2010年以降、ブラジルで使用されている紙幣は下記の7種類であるが、人名は無く、共和国を象徴する肖像画が使用されている。ポルトガル語ではEfigie da Republica、英語ではEffigy of the Republicが使われている。具体的には、若い女性の肖像画で、ベービー・リーフの冠を付け、ローマ時代の服装で、フリジア王国(アジアの小国)の帽子をかぶっている。寓話的に共和国を象徴する。したがって、表面は色彩によって区別することになる。裏面は、ブラジルの動物が使用されている。

金額 表面の動物名(英語名) 日本語名
2レアル Hawksbill sea turtle タイマイ(絶滅にひんしているウミガメの一種
5レアル Great egret ダイサギ
10レアル Green winged macaw ベニコンゴ―・インコ
20レアル Golden lion tamarin ゴールデン・ライオン・タマリン
50レアル Jaguar ジャガー
100レアル Dusky Grooper ハタ(魚)の一種
200レアル Maned wolf タテガミ・オオカミ
「チリ」

チリの場合は、下記の5名である。チリ建国者のバルディビア、ペルーとの太平洋戦争の英雄のプラットとカレラ・ピントの2人、独立の英雄のロドリゲスと詩人のミストラルと偉大な知識人のベージョの2人である。チリもバランスがとれている。

金額 人名
500ペソ Pedro de Valdivia
1000ペソ Ignacio Carrera Pinto
新2000ペソ Manuel Rodríguez
5000ペソ Gabriela Mistral
10000ペソ Arturo Prat
20000ペソ Andrés Bello

*ペドロ・デ・バルディビア   Pedro de Valdivia

1500年~1554年。スペイン王国の探検家、コンキスタドール。ピサーロの腹心で、1540年チリに遠征し、1541年2月にサンタルシァの丘の近くにサンテイアゴ市を建設した。その後、さらに南部まで遠征し、ビオビオ川のあたりまで征服した。その後、チリ総督に任ぜられたが、アラウカ族の酋長のラウタロとの戦闘に敗れ処刑された。サンテイアゴの中心のアルマス広場には巨大な彼の銅像がある。

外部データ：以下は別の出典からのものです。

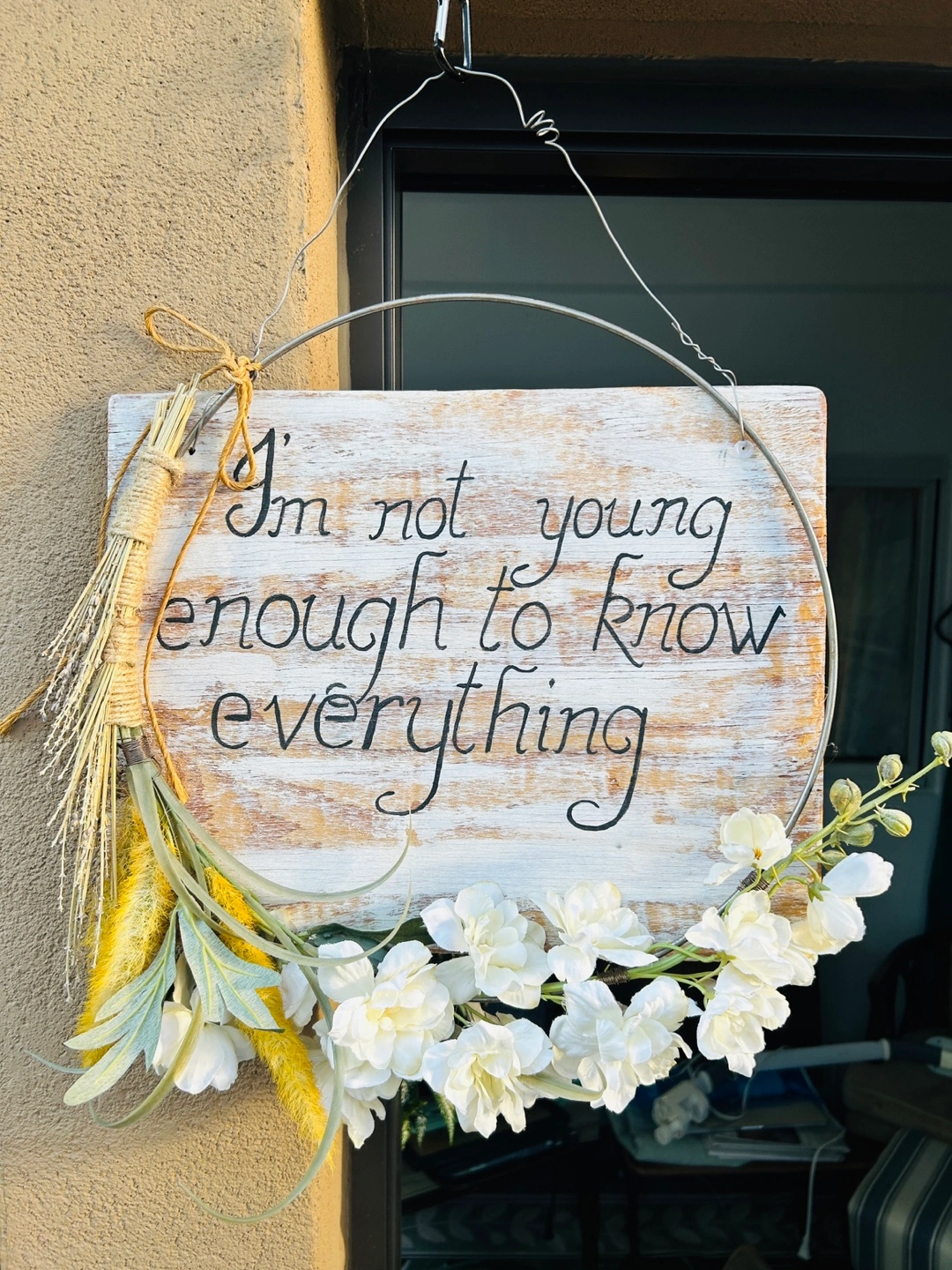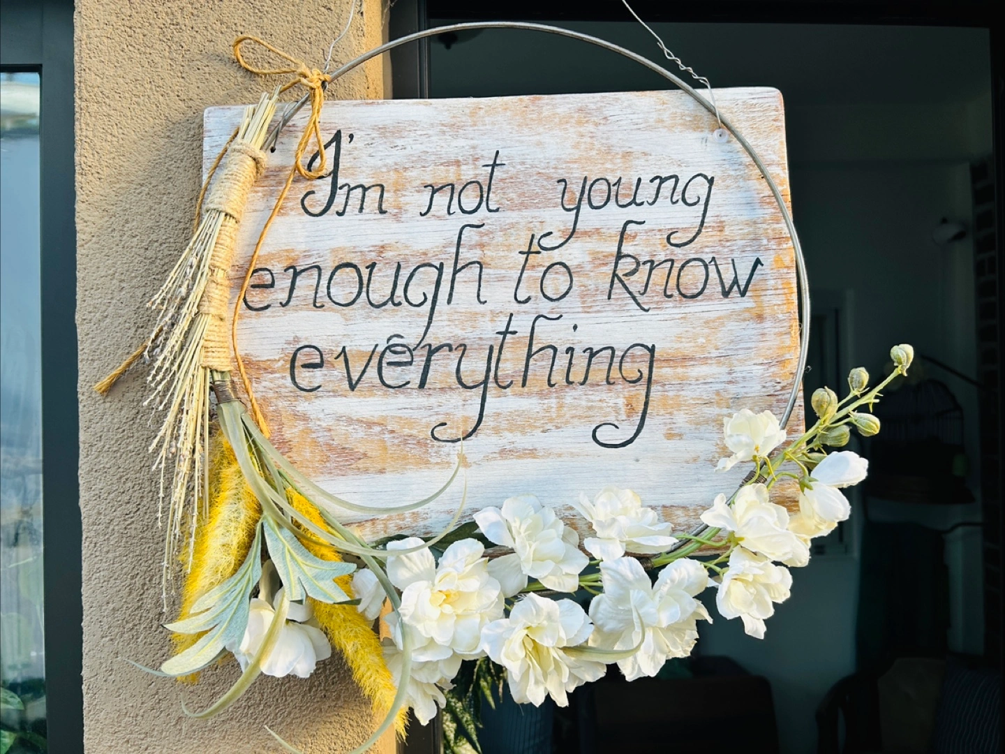 This is a beautiful, handmade wreath sign that reads, "I'm not young enough to know everything" It has a rustic, charming look with artificial flowers and natural elements. Perfect for adding a touch of whimsy to your home decor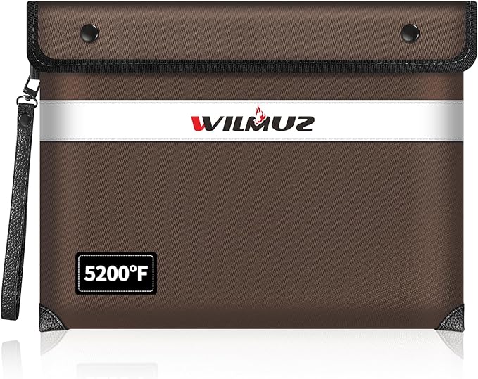 - 🧯【Reliable Material】This Wilmuz fireproof bag uses high-quality fireproof materials. From the outside to the inside, it is composed of eight layers of materials such as glass fiber cloth,heat insulation cotton, and aluminum foil, making it pass Global Flammability Standards (US labs) and Vertical Combustion Testing ( SGS UL94 V-1) certification, enough to withstand high temperature of 5200℉. its edge seams have been strictly waterproofed to withstand high-speed jets of fire hose.

*イグナシオ・カレーラ・ピント Ignacio Carrera Pinto

1848年~1882年。チリの軍人。チリの太平洋戦争のヒーロー、具体的には、「コンセプシオンの戦いのヒーロ―と呼ばれている。400名のペルー軍に、街が攻撃されたが、彼と77名の「チャカブコ第4師団」のチリ兵士が勇敢に戦い最後は戦死する。

*マヌエル・ロドリゲス Manuel Rodríguez Erdoisa

1785年~1818年。チリの弁護士、ゲリラのリーダー。チリの独立運動の主人公の一人。ホセ・ミゲール・カレラとともに独立運動に立ち上がる。サン・マルテイン軍に合流し戦うが、ベルナルド・オヒギンスとは対立し、最後は暗殺される。後にピノチェット独裁時代に都市ゲリラが活動したが、その名称は、FPMR(マヌエル・ロドリゲス愛国戦線)と呼ばれた。チリで人気のある人物で、映画化、オペラ化されたり、ビクトル・ハラの歌にも取り上げられている。チリには、彼の名前のついた通りが28あると言われている。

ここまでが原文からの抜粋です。